• **PROBLEM TO WORK ON**
A verbatim transcript of the data below is required, images omitted.

• **COLLECTED DATA**
-- Opening Marker --
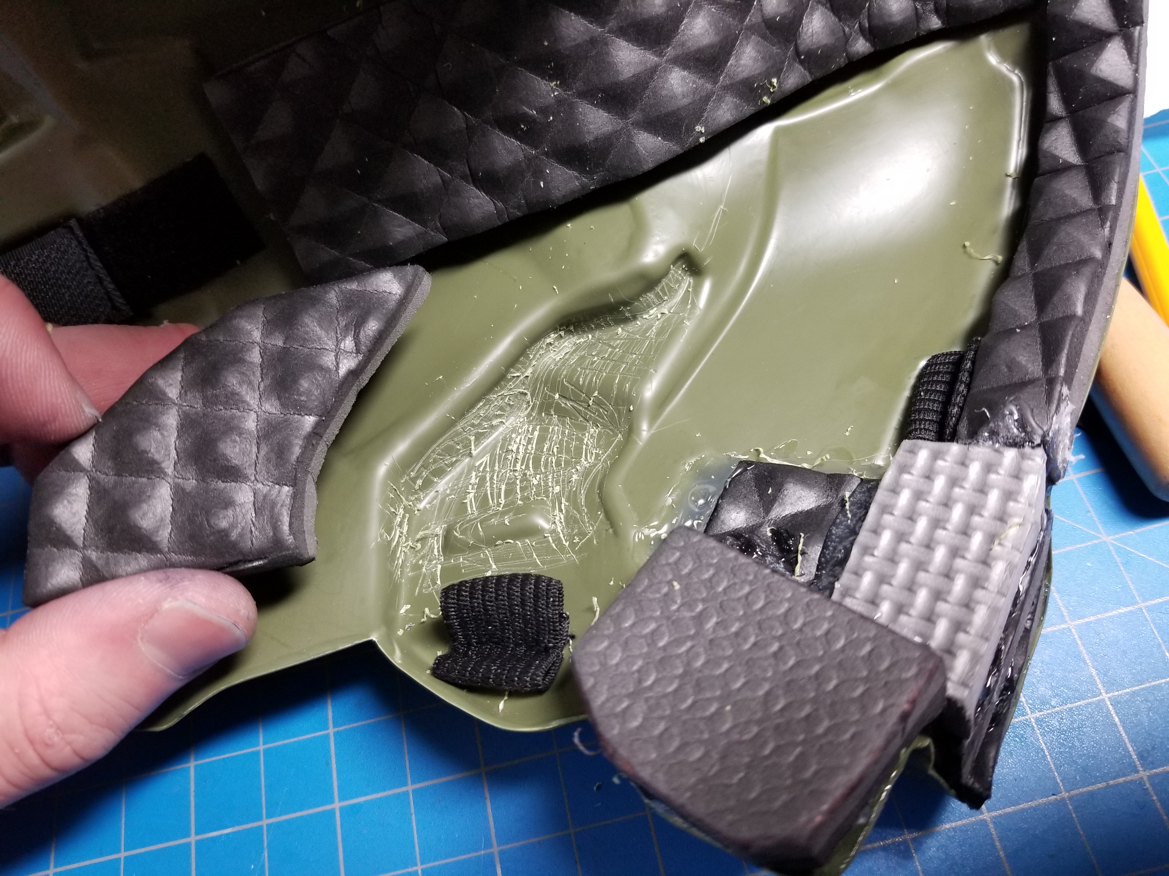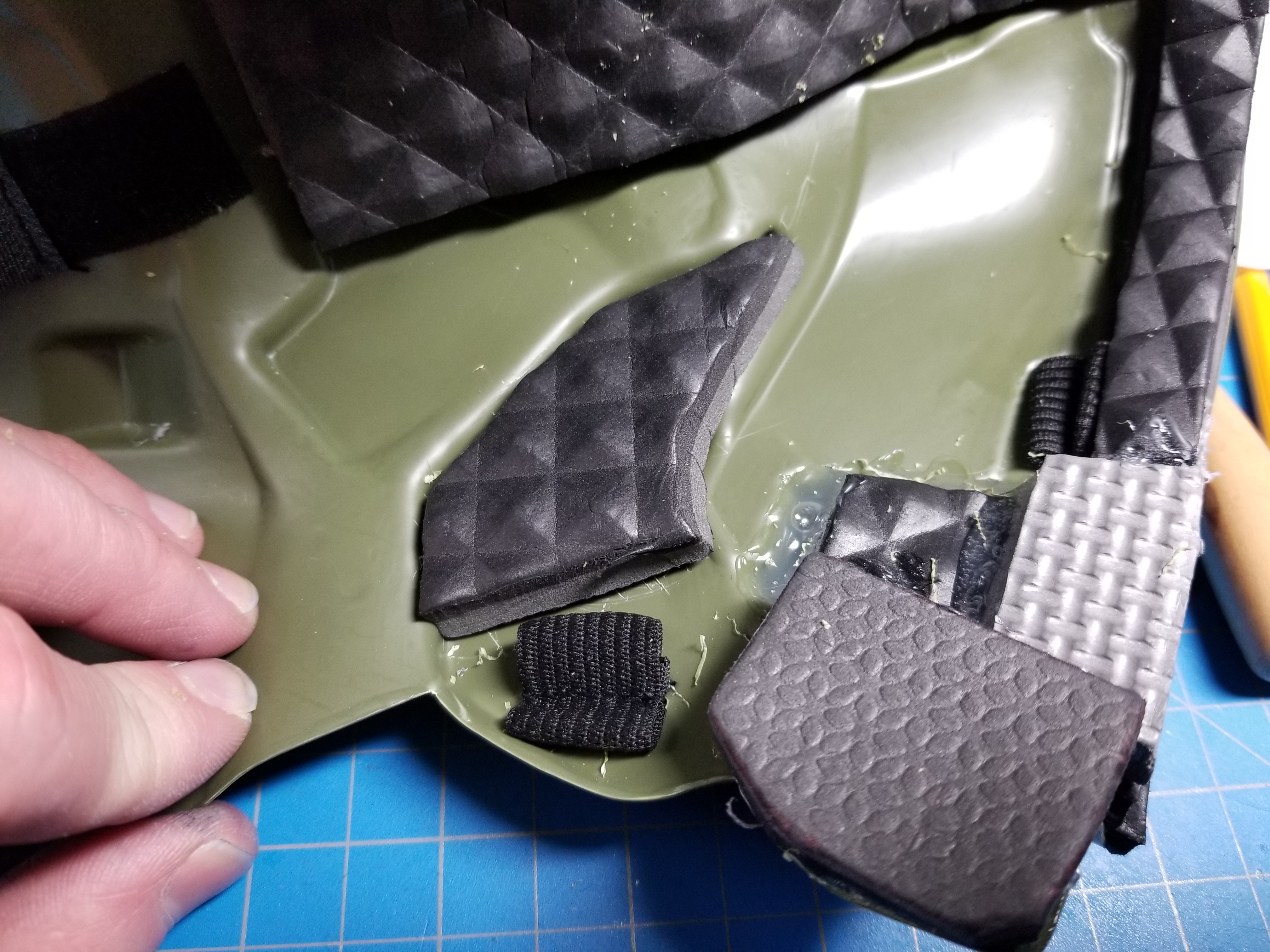 I forgot to take a picture of the next part, so I'll try describing it the best I can. Using E6000, I traced around the edge of the area, not everywhere I scored, just where I expected to put the eva foam or strap. Immediately after, laid down hot glue in the middle.
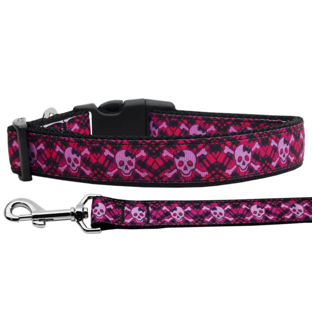 Pet Dog & Cat Nylon Collar or Leash, "Hot Pink Plaid Skulls"
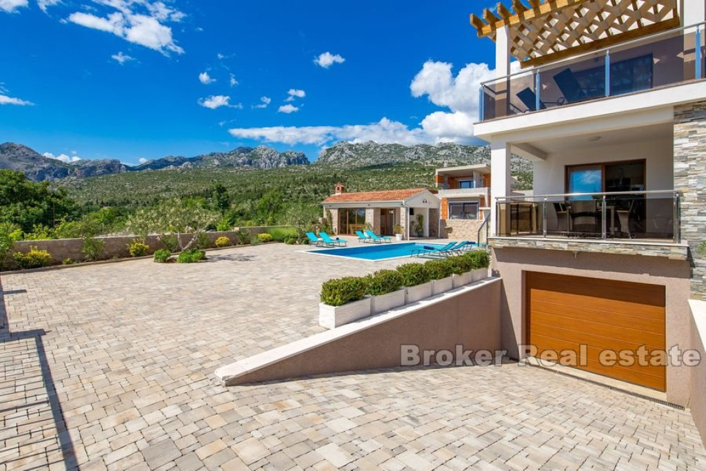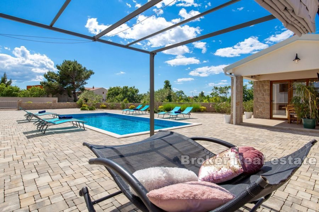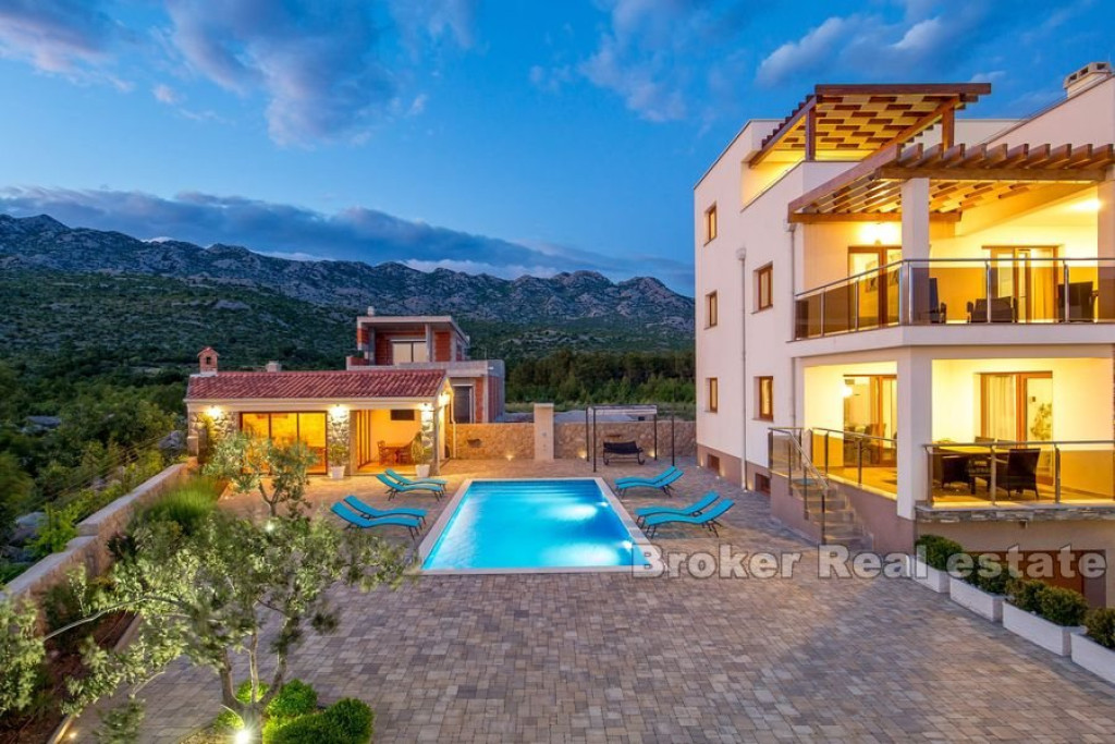 Beautiful villa for sale of 400 m2 located on a plot of 710 m2. The villa spreads over a total of 3 floors and a basement. In addition to the villa, on the plot there is an auxiliary building with a fireplace and a summer kitchen from which there is a direct exit to the yard and the pool where the heating system is installed. In addition to the heat pump, the house is equipped with underfloor and solar heating. On the minus floor there is a basement, bathroom, boiler room, bathroom, garage with two parking spaces and an additional 2 rooms that can be converted into bedrooms. In addition to the garage, the outside of the house is spacious enough for a minimum of 2 parking spaces. On the ground floor there is a kitchen, dining room, living room and bedroom with private bathroom. From the living room there is a direct exit to the terrace with a summer kitchen of 45m2. The first floor is dominated by 3 bedrooms, one of which has its own bathroom and the other two have a shared bathroom. There is an exit to a large covered terrace, to which two bedrooms have access. On the second floor of the house there is a sauna and an additional entrance hall that can be converted to tenants liking. On the same floor, on a partially covered terrace, there is a jacuzzi, furniture and a sun deck, which can be enjoyed with a view of the sea that is located nearby. Almost all floors offer a view of the sea, which is only 200 meters from the property. Due to all the included facilities, the house is ideal for family getaway or tourism purposes. The pleasant and peaceful landscape in which the house is located in no way affects the distance of essential amenities for living. The location of the property is really interesting because it offers a view of Velebit from the north and the sea from the south. BROKER REFERENCE ID:2043/20
-- Closing Marker --
• **SOLVED PROBLEM**
 I forgot to take a picture of the next part, so I'll try describing it the best I can. Using E6000, I traced around the edge of the area, not everywhere I scored, just where I expected to put the eva foam or strap. Immediately after, laid down hot glue in the middle.
 Pet Dog & Cat Nylon Collar or Leash, "Hot Pink Plaid Skulls"
 Beautiful villa for sale of 400 m2 located on a plot of 710 m2. The villa spreads over a total of 3 floors and a basement. In addition to the villa, on the plot there is an auxiliary building with a fireplace and a summer kitchen from which there is a direct exit to the yard and the pool where the heating system is installed. In addition to the heat pump, the house is equipped with underfloor and solar heating. On the minus floor there is a basement, bathroom, boiler room, bathroom, garage with two parking spaces and an additional 2 rooms that can be converted into bedrooms. In addition to the garage, the outside of the house is spacious enough for a minimum of 2 parking spaces. On the ground floor there is a kitchen, dining room, living room and bedroom with private bathroom. From the living room there is a direct exit to the terrace with a summer kitchen of 45m2. The first floor is dominated by 3 bedrooms, one of which has its own bathroom and the other two have a shared bathroom. There is an exit to a large covered terrace, to which two bedrooms have access. On the second floor of the house there is a sauna and an additional entrance hall that can be converted to tenants liking. On the same floor, on a partially covered terrace, there is a jacuzzi, furniture and a sun deck, which can be enjoyed with a view of the sea that is located nearby. Almost all floors offer a view of the sea, which is only 200 meters from the property. Due to all the included facilities, the house is ideal for family getaway or tourism purposes. The pleasant and peaceful landscape in which the house is located in no way affects the distance of essential amenities for living. The location of the property is really interesting because it offers a view of Velebit from the north and the sea from the south. BROKER REFERENCE ID:2043/20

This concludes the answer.